Bobby Patterson’s life in music has had many facets. Whether as a DJ in Texas, a producer for artists like Fontella Bass and Little Johnny Taylor, a writer whose work has been covered by everyone from Albert King to The Fabulous Thunderbirds to Golden Smog, or as a recording artist — Bobby always brings the soul.
According to critic Robert Wilonsky, writing in Patterson’s hometown Dallas Morning News, “Bobby Patterson, whose body is 70 and whose voice still needs an I.D. to buy a drink, sounds today just like he did in the mid-1960s, when he was Dallas’ No. 1 soul brother.
Omnivore Recordings will release Patterson’s first new studio album in years, titled I Got More Soul! “Life and death are in the power of the tongue. On this new album I speak to the old and I speak to the young,” says Patterson. “This new CD is the real deal. The longer you listen, the better you feel!”
Recorded in Austin, Texas, I Got More Soul!, well, simply has more soul than any release you’ll hear this year. Filled with originals and a few choice covers — including Sly & the Family Stone’s “Poet,” originally released on 1971’s There’s a Riot Goin’ On — I Got More Soul! channels the past and brings it blazing into the future.

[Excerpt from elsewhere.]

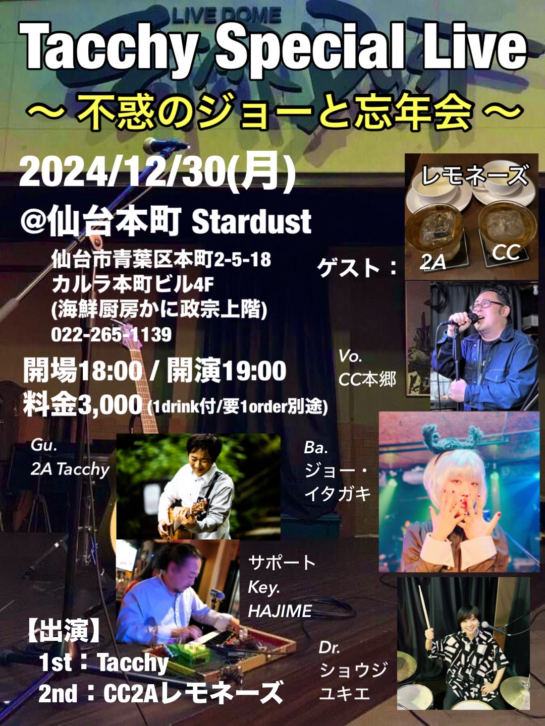 今年「不惑」を迎えたベーシスト「ジョー・イタガキ」氏のお祝いと忘年会を兼ねつつ、皆さんに楽しんで頂けるラインナップで、楽しい時間をお届けします。

One of the major buzz artists from the roots sector at SXSW 2014, Patterson is scheduled to appear at the Lincoln Center Out Of Doors summer festival in August, on a bill with Emmylou Harris & Rodney Crowell, Buddy Miller & Jim Lauderdale, Charles Bradley & His Extraordinaires and many more.
Patterson was born in 1944 in Dallas. He recorded his first session in 1957 for Liberty Records for L.A., which was never released. Meanwhile, Dallas label Abnak Records (home of the Five Americans of “Western Union” fame) signed him to its Jetstar R&B label, for which he recorded, doubling as staff producer and promotion man. Among his hits were “T.C.B. or T.Y.A.,” “She Don’t Have To See You (To See Through You),” “How Do You Spell Love?” and “Don’t Be So Mean.
When Abnak folded in the late ’60s, Patterson recorded one indie album and then produced and promoted records by other artists including Fontella Bass, Chuck Jackson, Little Johnny Taylor and Albert King. King recorded “That’s What the Blues Is All About,” which Patterson co-wrote
His song “She Don’t Have To See You” even found its way into the unlikely hands of mid-’90s indie-rock “super-group” Golden Smog who included it in their 1995 album Down by the Old Mainstream. The vocalist was Jeff Tweedy of Wilco
Patterson was also known to Dallas/Fort Worth residents as a DJ on R&B radio station KKDA-AM until the station’s switchover from urban to Korean language programming
Producer Zach Ernst, the former Black Joe Lewis & the Honeybears guitarist, has served as Patterson’s band leader of late, and was quoted in the Dallas Morning News, “I’ve never seen an R&B show, a more real deal, old-school show, than just being on stage with Bobby, and I know the rest of the world needs to see that. All I wanted to do was set him up to be revered and witnessed by a much larger audience.”
“This new CD is like Lone Ranger and Tonto, like Cisco and Pancho. I come to you in mono and stereo,” says Patterson in summation. “If I’m lyin’, James ain’t Brown, Al ain’t Green, and B.B. ain’t King.”